Atau mungkin, Mia tidak bisa menghindari pembicaraan mengenai Rafael. Di dalam mobil, Nayla terus berkicau mengenai kebaikan hati seorang Rafael. Bahkan Nayla tak peduli pada perubahan raut wajah Mia, dari lelah menjadi acuh tak acuh.
“Oh, yeah,” ucap Mia, tak semangat.
“Iyeh banget,” sahut Nayla. “Udah baik, cakep, ganteng, punya body yang bikin sesek napas. Kurang apa lagi coba? Mia, dia itu sempurna.”

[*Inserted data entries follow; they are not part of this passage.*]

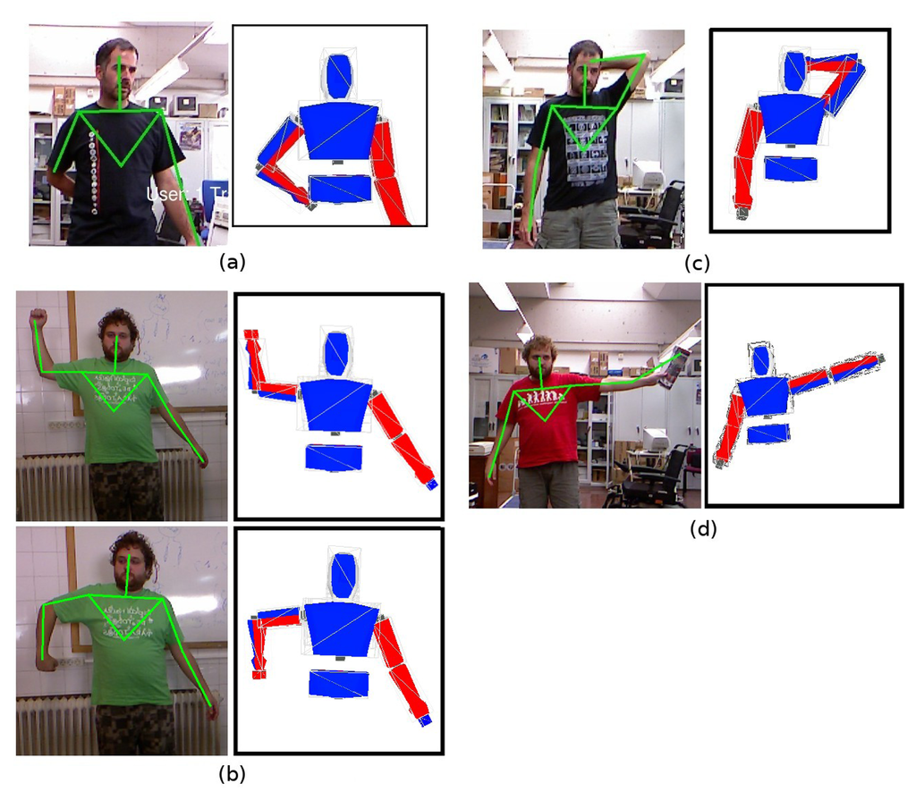 Joint angles can be extracted from the 3D positions provided by the OpenNI tracker. There are several applications and published examples in which the transformation from 3D positions to joint angles is performed. The proposed system, however, is also able to avoid odd poses and guarantee a valid angle configuration for every frame. Figure 4b depicts a situation in which the model adopts a pose that matches 3D centroids provided by the OpenNI tracker and satisfies human motion constraints. Figure 4b shows that the model arm always bends at a valid angle (model limbs have been colored in blue and red to better show this characteristic of the model).
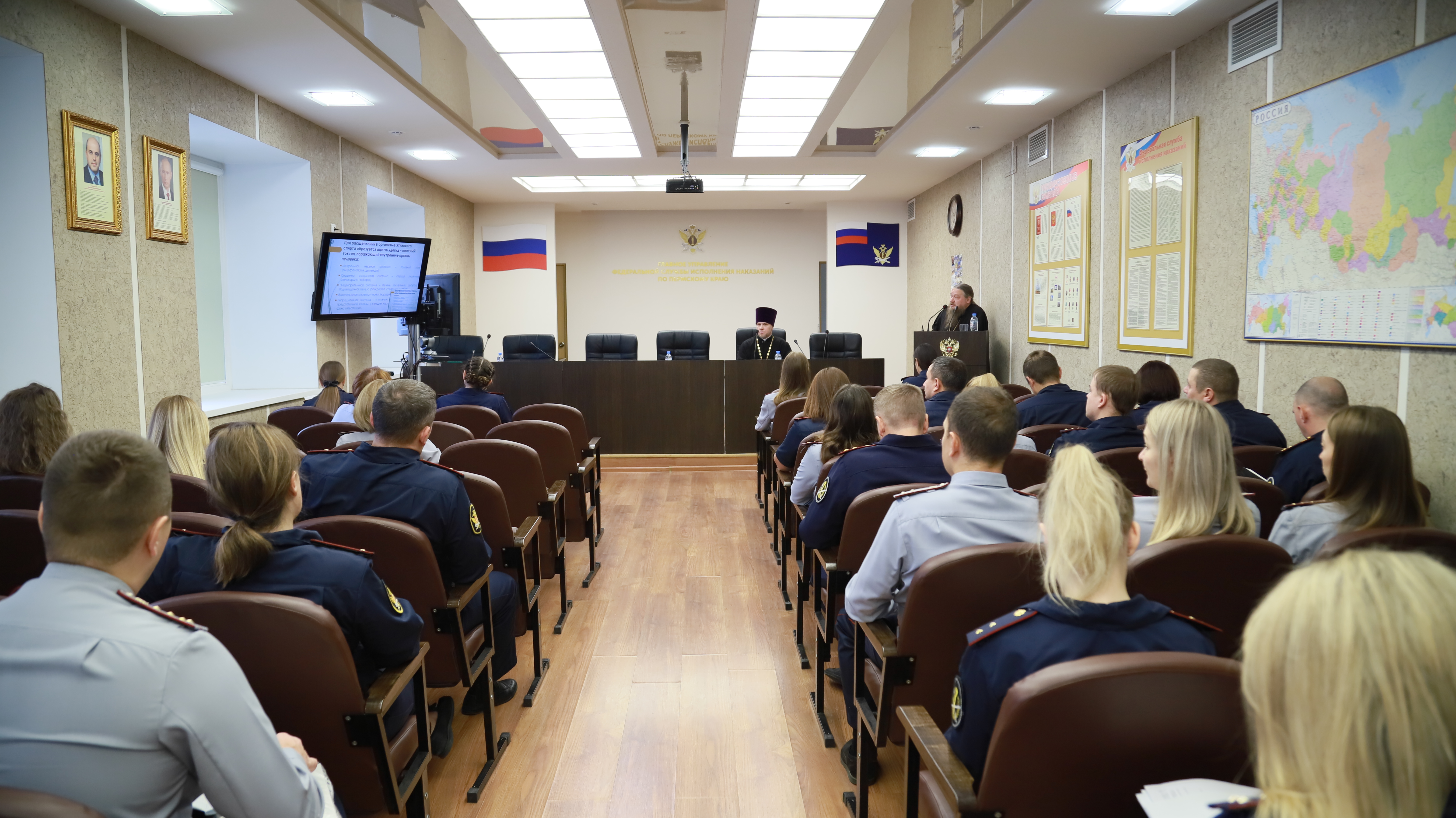В рамках служебной профессиональной подготовки для сотрудников Главного управления организовали профилактическую беседу с участием священнослужителей и представителей Совета ветеранов УИС на тему «О недопущении злоупотребления алкоголя и категорическом запрете запрещенных препаратов».
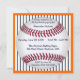 Den perfekta födelsedagsfest inbjudan för baseballfläktar! Designen presenterar en vitbakgrund med marinblåa streck. Det finns orange klippning runt om kanten av inbjudan. Det huvudsakliga designsärdrag är en stor baseball med röd sy uppsättning mot blåtten klämmer fast randbakgrund. Insida baseballet är text i marinblå stilsort. Alla av text kan skräddarsy för att passa dina behov. Den omvända sidan av inbjudan är den fasta orangen med vit- och blåttstreckklippning. En underbar All-Stjärna inbjudan för din lite slugger!

“Hanya Tuhan yang sempurna.”
“Cih, lagakmu. Jujur deh, kamu juga tertarik, kan?”
Memutar mata, Mia hanya memberikan segaris senyum miris.
“Mia, kamu nyari pria yang kaya gimana, sih? Ini kurang. Itu salah. Pusing tahu. Lama-lama kamu nggak laku baru tahu rasa.”
“Jodohku ada di Eropa,” balas Mia. “Kamu tahu kan yang jadi Legolas itu?”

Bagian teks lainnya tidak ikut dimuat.